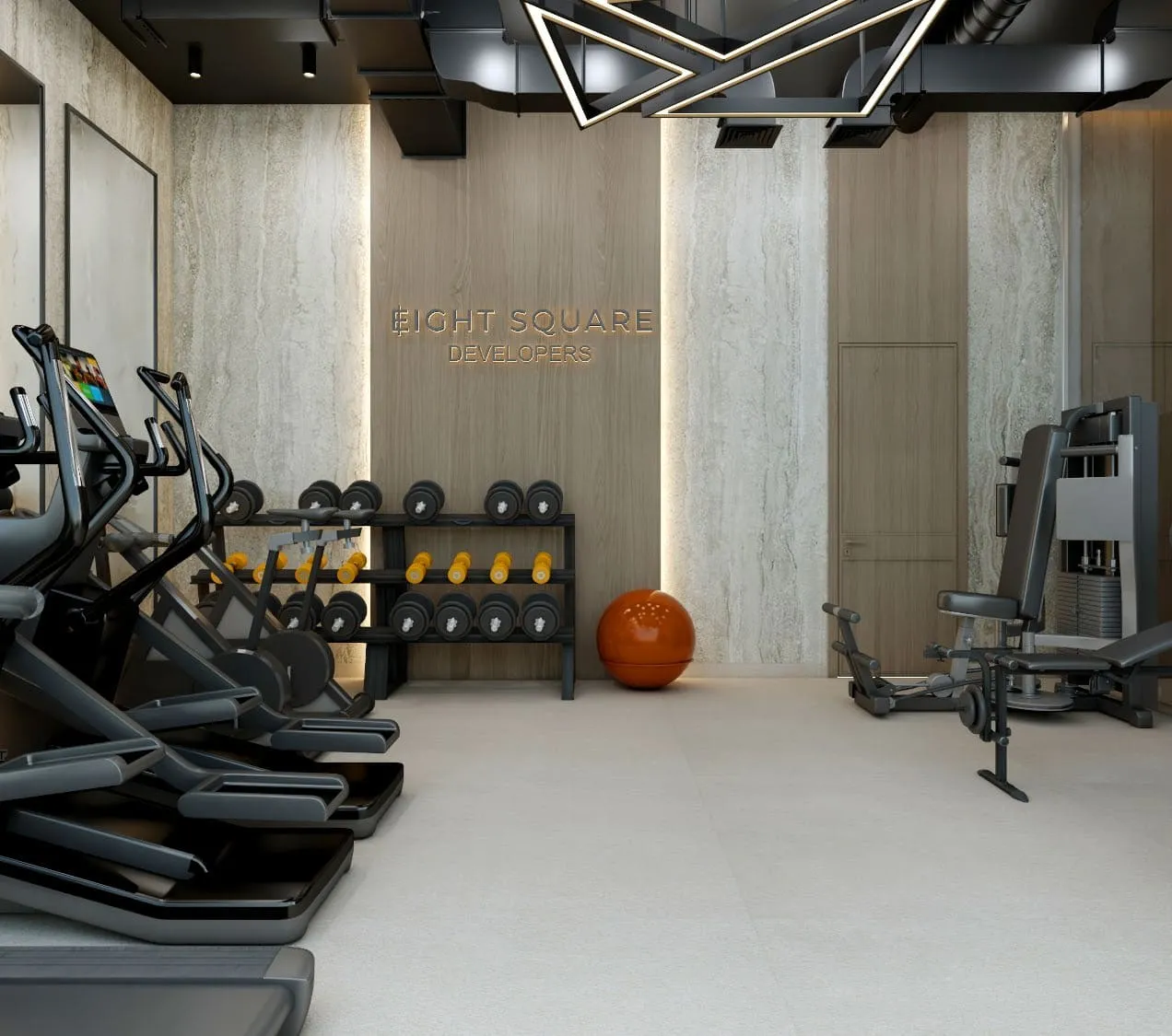 The amenity stack is selective rather than exhaustive, which suits the building's scale. Residents have access to an infinity pool, jacuzzi, gym, and a dry sauna that incorporates a Himalayan salt room. That last detail is specific enough to suggest the wellness brief was taken seriously rather than assembled from a standard checklist.
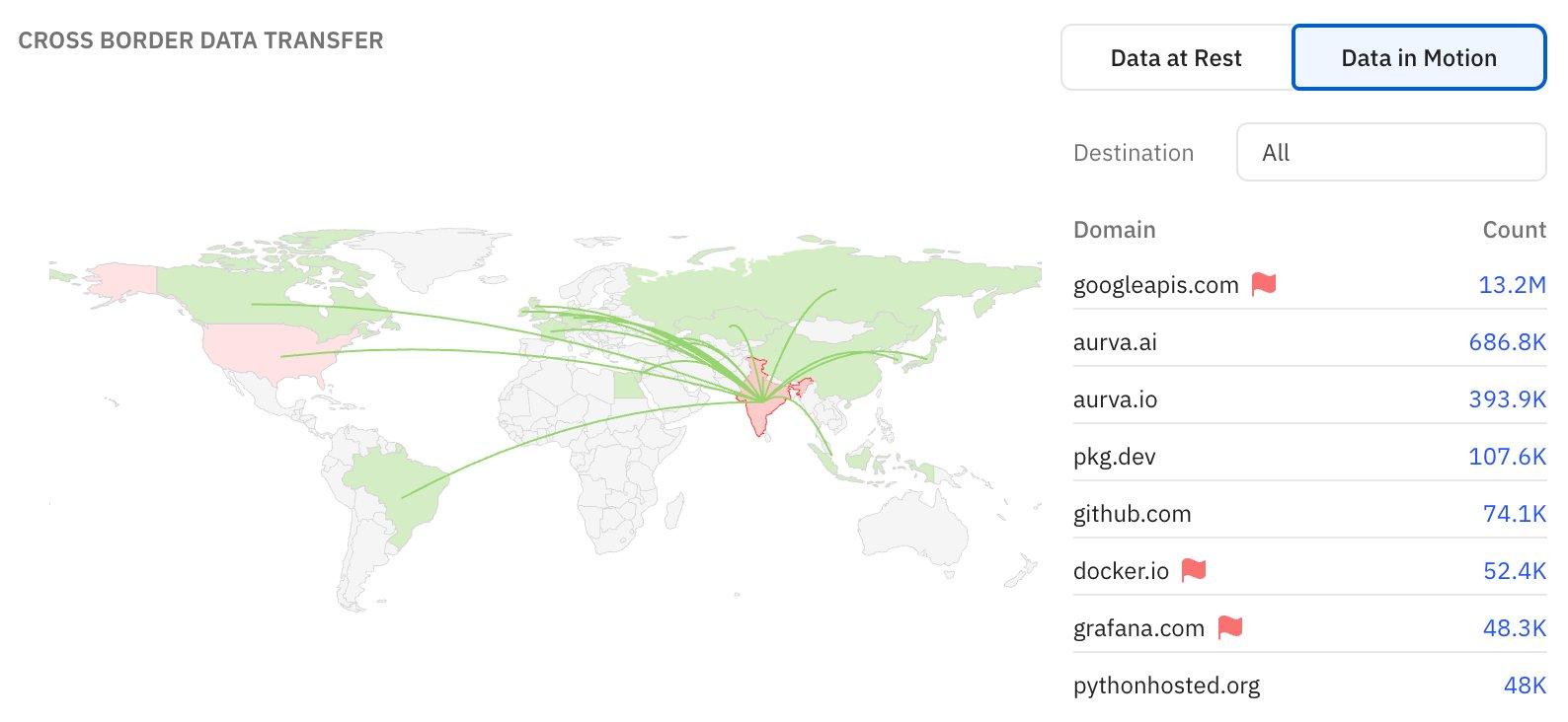 | 🎯 For CISOs & Leadership This is your data residency and cross-border compliance view. If sensitive data is flowing to jurisdictions without adequacy agreements (flagged in red), you may have a regulatory obligation to document or restrict this. Use this section for DPDPA/GDPR reporting and board-level data sovereignty discussions. | 🔧 For Security Operators Focus on flagged domains (red flags). For each, verify: Is this transfer authorized? Is there encryption in transit? Is there a legitimate business need? Work with compliance to document any cross-border flows that require legal basis. |
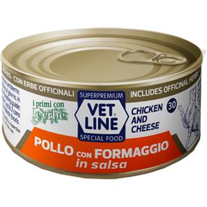 Vet Line Alimento Complementare per Gatti - Pollo con Formaggio in Salsa 70g, Ricco di Proteine e Erbe Officinali
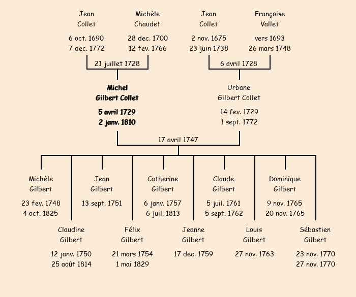 | Mère : Michèle Chaudet | Marraine : Antoinette Gilbert Collet (fille d'honorable Sébastien, soeur du parrain) |

TASK OBJECTIVE: Line by line, reproduce exactly the lines from the one containing "legal basis. |" through the final line of the material, both included, leaving every picture out.

FINISHED TASK:
 | 🎯 For CISOs & Leadership This is your data residency and cross-border compliance view. If sensitive data is flowing to jurisdictions without adequacy agreements (flagged in red), you may have a regulatory obligation to document or restrict this. Use this section for DPDPA/GDPR reporting and board-level data sovereignty discussions. | 🔧 For Security Operators Focus on flagged domains (red flags). For each, verify: Is this transfer authorized? Is there encryption in transit? Is there a legitimate business need? Work with compliance to document any cross-border flows that require legal basis. |
 Vet Line Alimento Complementare per Gatti - Pollo con Formaggio in Salsa 70g, Ricco di Proteine e Erbe Officinali
 | Mère : Michèle Chaudet | Marraine : Antoinette Gilbert Collet (fille d'honorable Sébastien, soeur du parrain) |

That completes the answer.